Cuando al final del día nos preguntamos qué hemos hecho y qué nos queda de lo que hemos vivido, unas veces recordamos momentos agraciados y otras, en cambio, momentos espinosos o desalentadores. Es inevitable, 24 horas dan para mucho y casi nunca hay un día igual a otro. Cuando nos acostamos y el recuento de lo que hacemos es negativo, ni la sensación fresca de la funda de la almohada, ni el buen olor del suavizante que impregna las sábanas, ni la calida luz de las farolas que se cuela entre las cortinas del balcón evitan que nos asalten estos sentimientos.

Cuando estamos felices nos acarician colores y perfumes de tonalidades o intensidades distintas según sean las vivencias acumuladas, nos asalta el olor del trigo o de la hierba apenas cortada o imaginamos un campo de suave verdor salpicado de amapolas rojísimas. Respiramos el intenso y salvaje perfume del mar o nos dejamos empapar por una lluvia fresca como las de las noches calurosas de esas playas lejanas. Son sensaciones. Pero ¿de dónde salen y con tanto ímpetu? ¿No existe un sitio fuera de nosotros donde pueda morir el pasado remoto o el reciente de cada día dejándonos en paz? No, el dolor o la alegría de lo que hemos vivido alberga en cada fibra de nuestro cuerpo y los estratos más dolorosos o más felices se depositan en los rincones mas estrechos de nuestro cuerpo y nos llaman la atención cuando menos lo esperamos.

Cada uno de nosotros no es sólo un pozo de inteligencia o ignorancia o una puerta a la conciencia, es, sobre todo, una casa de sentimientos, nuestros y de quienes nos han acompañado o nos acompañan. Cada emoción, cada pasión, cada afecto tiene una habitación a medida en nuestro cuerpo. A veces, el miedo nos hace temblar las piernas o nos bloquea el estómago, el ansia nos tritura la musculatura, nos debilita y extenúa y hasta nos paraliza. Los buenos o los malos pensamientos buscan refugio en la cabeza y se transforman en palabras o en silencios o en ruidos. Al amor le gusta su sitio por excelencia, el corazón, sin embargo, cuando irrumpe violentamente, no duda en apoderarse de todas las habitaciones y de todos los sentidos.

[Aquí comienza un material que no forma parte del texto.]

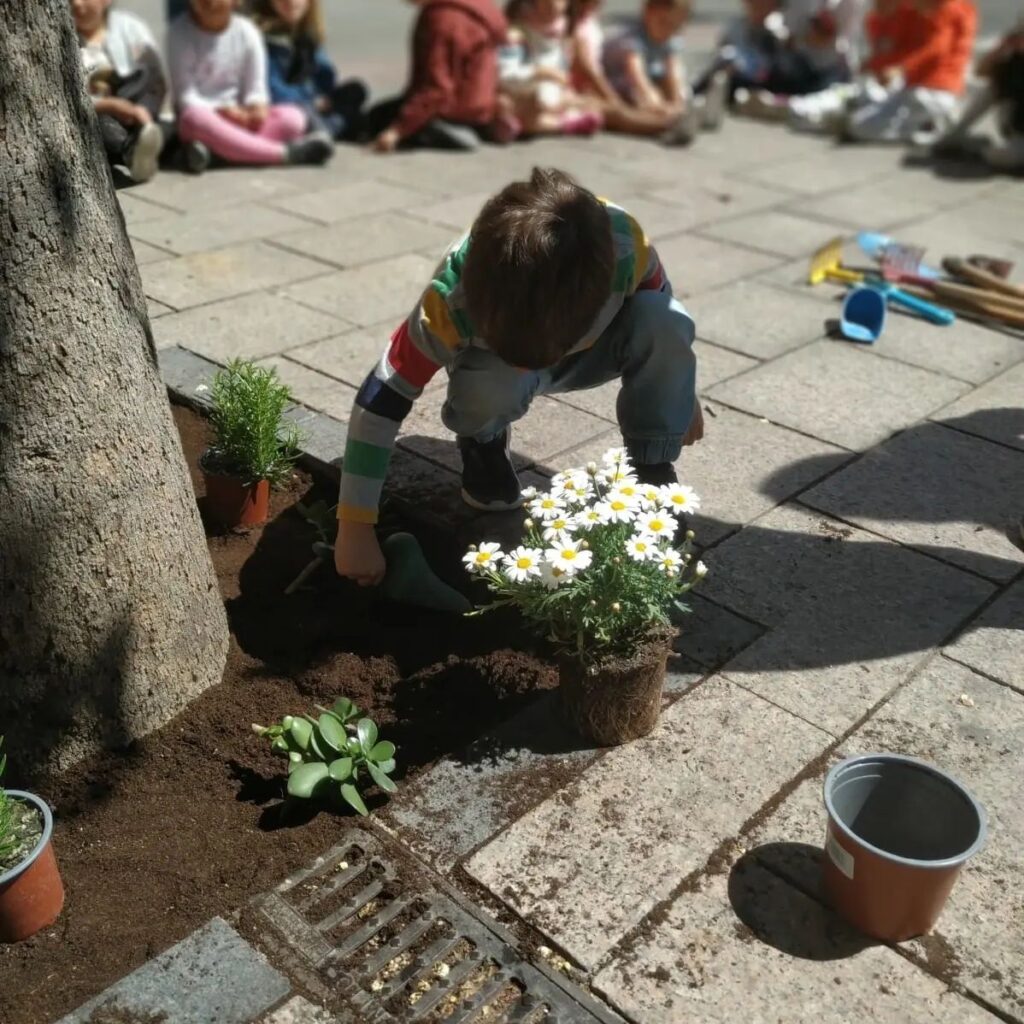 Els infants de la Comunitat de Petits hem decidit actuar. Renaturalitzem el barri sembrant les paraules apadrinades de l’escocell de la botiga El Arbol i amb les plantes de Flowers 4 wedding Flors Reus.

El amor es tan grande que no se conforma con las habitaciones de nuestro cuerpo y busca rozarse con otra piel, despertarse entre otros nervios relajados o tensos o resbalar dulcemente entre venas hinchadas de emoción. Este sentimiento no es un huésped pasivo, cuando entra en una habitación como la del corazón la redecora, la pinta de colores maravillosos, a veces tiernos a veces brillantes. Sin embargo, cuando se transforma en desamor, huye a las mazmorras del recuerdo dejando inundado de lágrimas el corazón.

Nos enseñaron en la escuela que el cuerpo se componía del aparato circulatorio, aparato digestivo, aparato respiratorio, sistema muscular, sistema nervioso… Nos enseñaron sus funciones pero nunca nos las relacionaron con los sentimientos. Más tarde, alguna aseguradora le puso precio a las manos o a las piernas, pero tampoco se declara albergar sensaciones. Sabemos que, por la crueldad de algunos dictadores, los cuerpos humanos en alguna región de África valen menos que en los países democráticos y a veces, sin piedad, se mutilan salvajemente partes de esos cuerpos sin tener en cuenta los afectos que esconden. En otros países el valor del cuerpo humano depende de la casta a la que se pertenece pero tampoco se tienen en cuenta los sentimientos que saben expresar. Cuando alguien muere se indemniza a la familia poniéndole precio a ese cuerpo, pero sólo al cuerpo, no a los sentimientos que contenía.

Hoy quiero recordar que el cuerpo humano, esa máquina perfecta que funciona con una precisión incalculable, es también la casa de nuestros sentimientos y de nuestras emociones, donde se deposita lo más íntimo de nosotros mismos. De ahora en adelante, cuando me duela el estómago, antes de buscar un antiácido trataré de entender qué sentimiento se ha ido a esconder entre sus pliegues.